Als ich auf Lindsay und Bracken Kirkland stieß, waren sie gerade dabei, mit damals drei Buben aus einem Tiny House in ein normales Haus zu übersiedeln, um dann ein paar Jahre später mit vier Buben in ein großes, teilweise desolates 100jähriges Bauernhaus zu ziehen, welches sie renovieren sollten, statt Miete zu zahlen. Seither sind noch zwei Buben und zuletzt ein Mädchen dazugekommen.

Nachdem die notwendigsten ersten Renovierungsarbeiten erledigt waren, haben sie mit Hilfe von Freunden ein Tonstudio errichtet, um sowohl ihre eigene Musik aufzunehmen, als es auch anderen Musikern kostengünstig oder sogar gratis anzubieten.

Sie sehen ihre Musik und ihre zwei YouTube-Kanäle als einen mehr oder weniger vollzeitigen christlichen Dienst, und werden dafür von ca 400 Leuten über die Plattform Patreon unterstützt.

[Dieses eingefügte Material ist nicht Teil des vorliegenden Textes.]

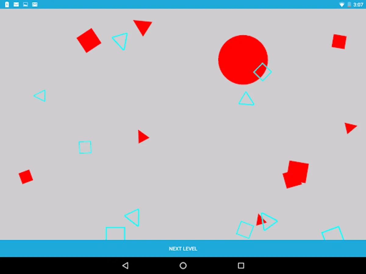 The purpose of the game is to place the full figures inside the outlined figures. Once all the figures are matched, you can progress to the next level, where more complex figures will be shown.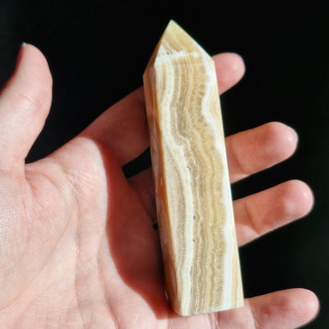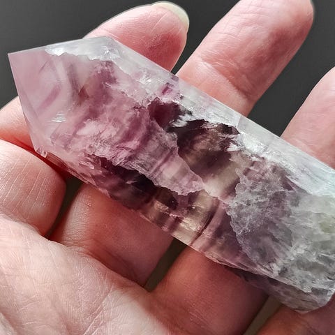 Flot obelisk af lilla stribet fluorit krystal. Måler ca. 7,5cm og vejer 114g.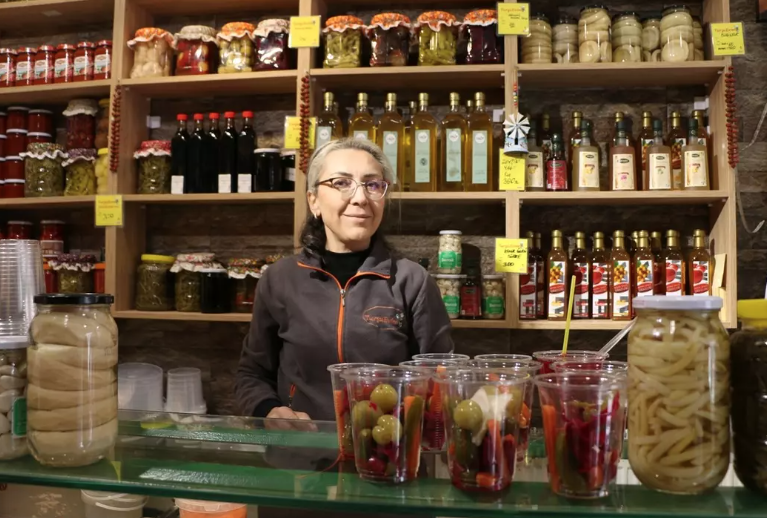 Şenay Balkandere (50), uzun yıllar özel sektörde çalıştıktan sonra 9 yıl önce eşiyle turşu dükkanı açtığını söyledi.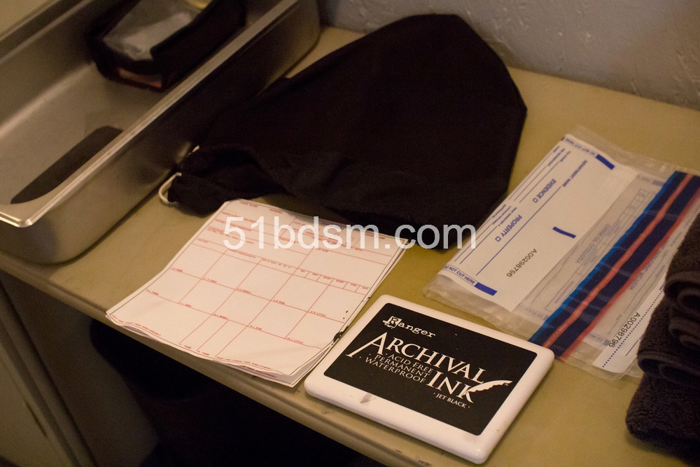 对没有我这种特殊癖好的人来说,填表、采指纹、量身高、拍犯人照这些完全就是可跳过的“小支线”,一点都不重要。但对我这种“看到官方表格就兴奋、一刻都不能乱了程序”的变态来说,这些细节才是整场戏最爽的部分!采集指纹的时候我一直在傻笑,别人可能以为我在笑这事太蠢、一点都不色情,可其实每一秒都让我兴奋得发抖,我只是单纯高兴得要命,因为终于可以彻底放飞自我,做一个超级变态的犯人,玩整整一个周末。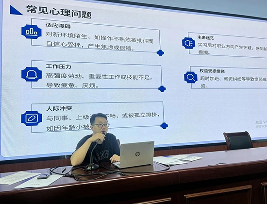 隨后,學校保障處副處長倪豐從嚴守紀律紅線、筑牢安全防線及關注心理健康三大方面對學生進行教育,并提出相關要求。倪豐重點解讀了《實習生頂崗實習期間違紀處理意見》,明確紀律底線;他強調安全是重中之重,以真實的案例來警示學生在實習期間注意生產安全、交通安全的重要性,警惕詐騙。他表示,如學生在實習期出現心理困擾,可及時聯系班主任,積極尋求幫助。
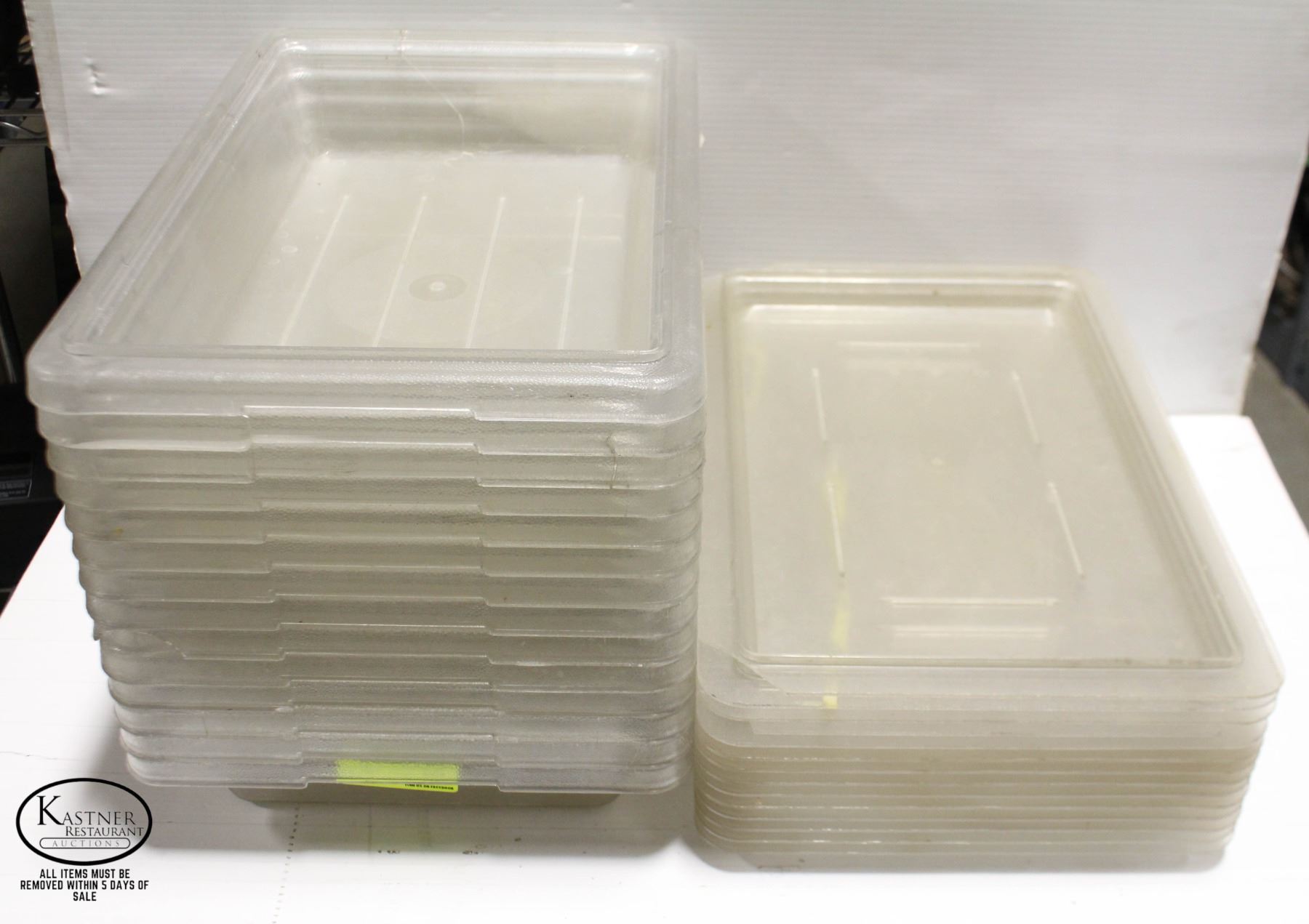 6.6L STACKING BINS. LIDS HAVE SOME CHIPS **ALL ITEMS MUST BE REMOVED BY 5PM MONDAY, JULY 3RD, 2023. ALL REMAINING ITEMS WILL BE SUBJECT TO A $6.00 PER DAY STORAGE CHARGE. ANY ITEMS REMAINING AFTER MONDAY, JULY 17TH, 2023 WILL BE CONSIDERED FORFEITED. NO REFUNDS WILL BE ISSUED FOR FORFEITED ITEMS.** TO SCHEDULE A PICK UP APPOINTMENT CLICK HERE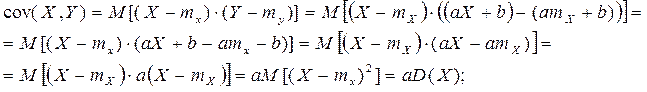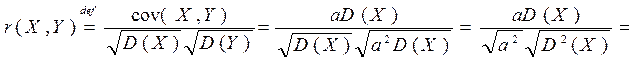Теорема. Если случайные величины X и Y связаны линейной зависимостью Y=aX+b, то коэффициент корреляции: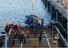 From September 2018 the search for the submarine was aided by the US-based seabed survey company Ocean Infinity.[61] The search started on 7 September 2018,[62] and was planned for up to 60 days, with payment only in the event that the submarine was found. Some 60 crew members conducted the search, with three officers of the Argentine Navy and four family members of the crew of ARA San Juan to observe.[63]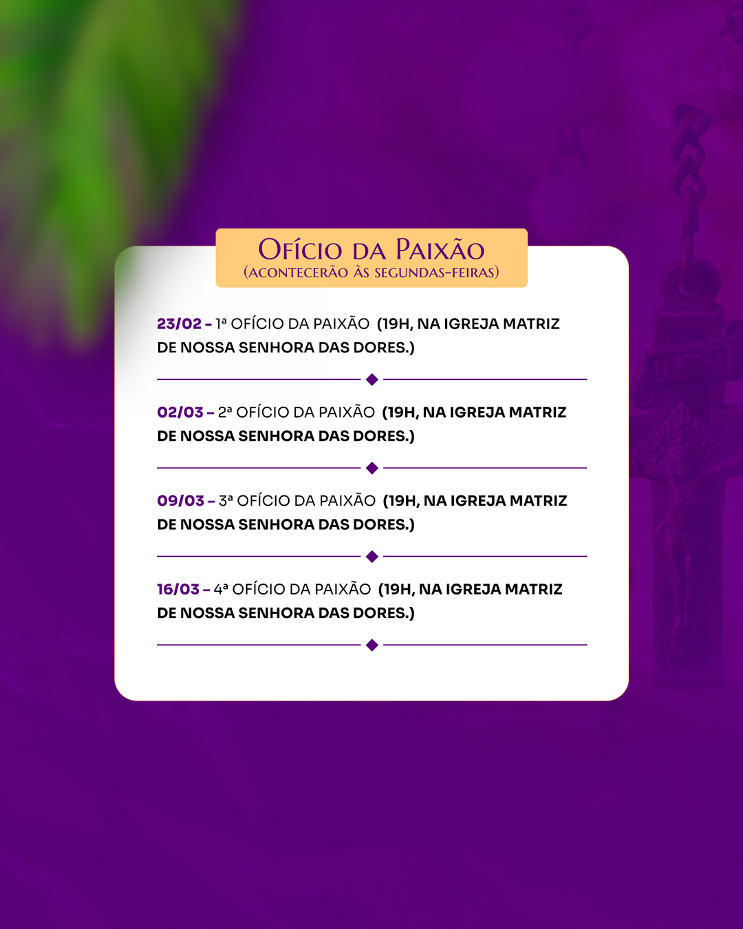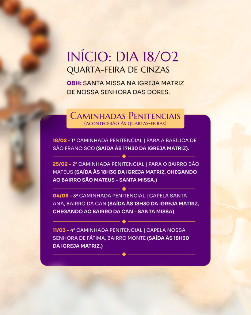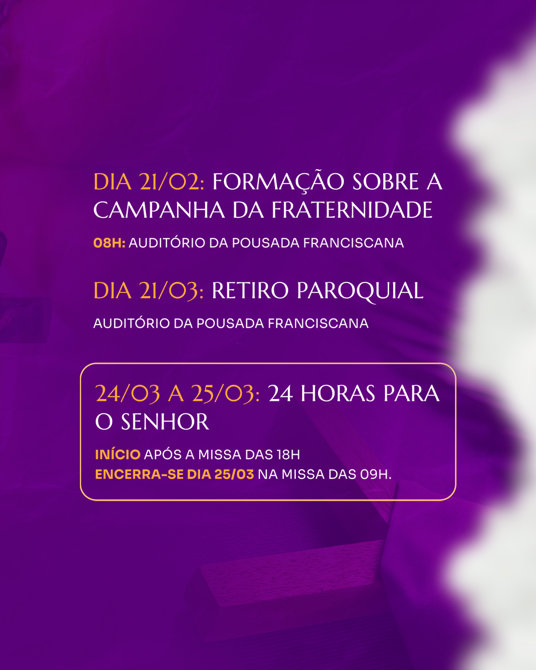 A programação completa da Quaresma e da Semana Santa está disponível nas redes sociais da Paróquia e está disponível também na Secretaria Paroquial.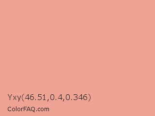 Yxy 46.51,0.4,0.346 Color is a light red color and the nearest color is Tonys Pink #e79f8c. Hex code #eea394 and RGB value is rgb(238,163,148). In RGB color space, this color is composed of 93% red, 64% green, 58% blue, In CMYK color space, this color is composed of 0% cyan, 32% magenta, 38% yellow , 7% black , In HSL color space, this color has a hue angle of 10° , 73% saturation and 76% lightness.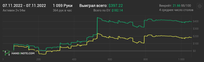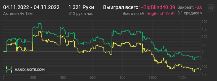 Вчера как раз вспоминал - осень 2021, прошло где-то полгода с момента моего возвращения в покер, я только-только поднялся по лимитам до нл100 и поиграл там чуть. Тогда мне в голову пришла "гениальная" мысль, что теперь надо завязывать с бамхантом и начинать НАСТОЯЩИЙ покер (говносоставы с регами на нл100 старз)

Auf YouTube-Werbung (eine wichtige Einnahmequelle für die meisten YouTuber) verzichten sie, weil sie den Inhalt solcher Werbung nicht beeinflussen können.

Neben ihrer Musik und dem, was man aus den Videos über ihr Familienleben sehen kann, beeindruckt mich vor allem, daß sie es schaffen, sich ganz und gar aus den politischen Steitereien herauszuhalten, welche die evangelikale Bewegung in USA inzwischen prägen.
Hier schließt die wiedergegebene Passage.